Kirkus Reviews QR Code
APOCALYPSE BABY by Virginie Despentes

APOCALYPSE BABY

by Virginie Despentes ; translated by Siân Reynolds

Pub Date: April 14th, 2015
ISBN: 978-1-55861-891-6
Publisher: Feminist Press

Structured like a classic noir, this French novel exposes the rotten core of contemporary European society through the perspectives of several female characters.

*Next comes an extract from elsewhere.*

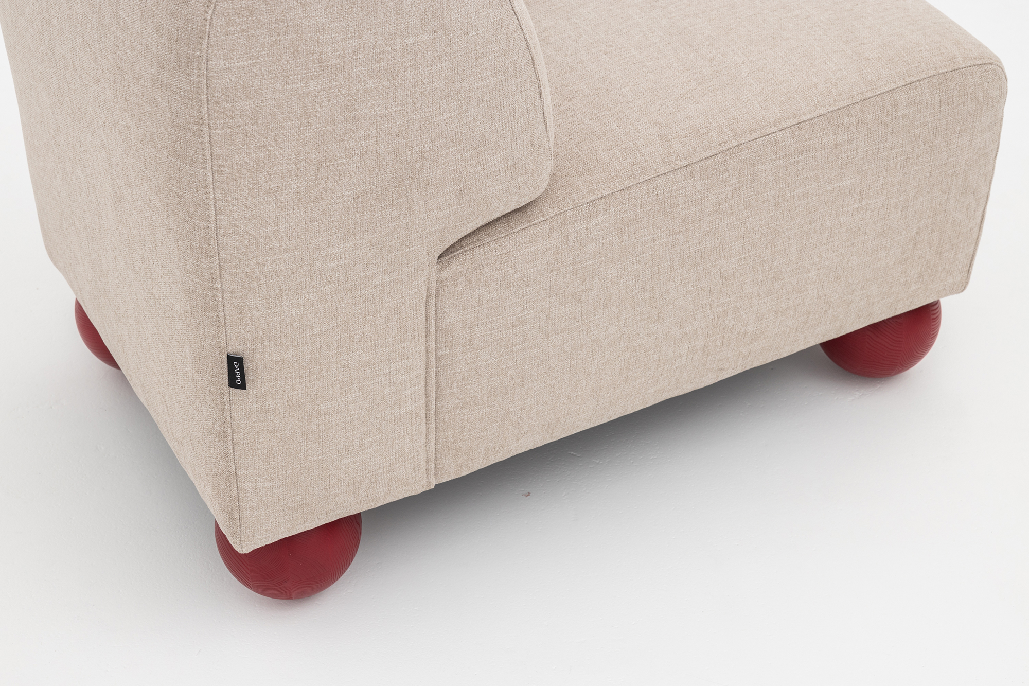Fotel MEZZO który wyewoluował z wąskiego siedziska i rozbudowania dedykowanych stopek, pięknie komponuje się z narożnikiem ARCO.

When she loses track of Valentine, the rich teenager she's been hired to follow, Parisian private eye Lucie Toledo makes contact with the Hyena, an aggressive lesbian freelance investigator, and they travel from Paris to Barcelona (and back again) in their search, encountering orgies, nuns and repressed housewives along the way. Despentes’ (King Kong Theory, 2010, etc.) novel was first published in France in 2010 and is being translated into English for the first time. There are classic elements of noir—the PI, the femme fatale, the family full of secrets and repression, the chance encounter with a lover who might just save the damaged hero(ine). And in many ways, these are the elements that most succeed; within these familiar tropes, Despentes explores deeply flawed but interesting characters; the limits of traditional female roles; the ravages of the European class system; the challenge of Internet control; and the destructive self-indulgence of a youth culture that lacks its own deeply held beliefs and is, as such, easily manipulated by the darkest authority. But the climax of the novel sends the dense, exaggerated narrative fully off the rails. The dystopian final chapter wants to inhabit the world of science fiction rather than noir, and the genre clash leaves a rather unsatisfactory taste behind.

Powerful and empowered to a point, but this could have used sharper editing.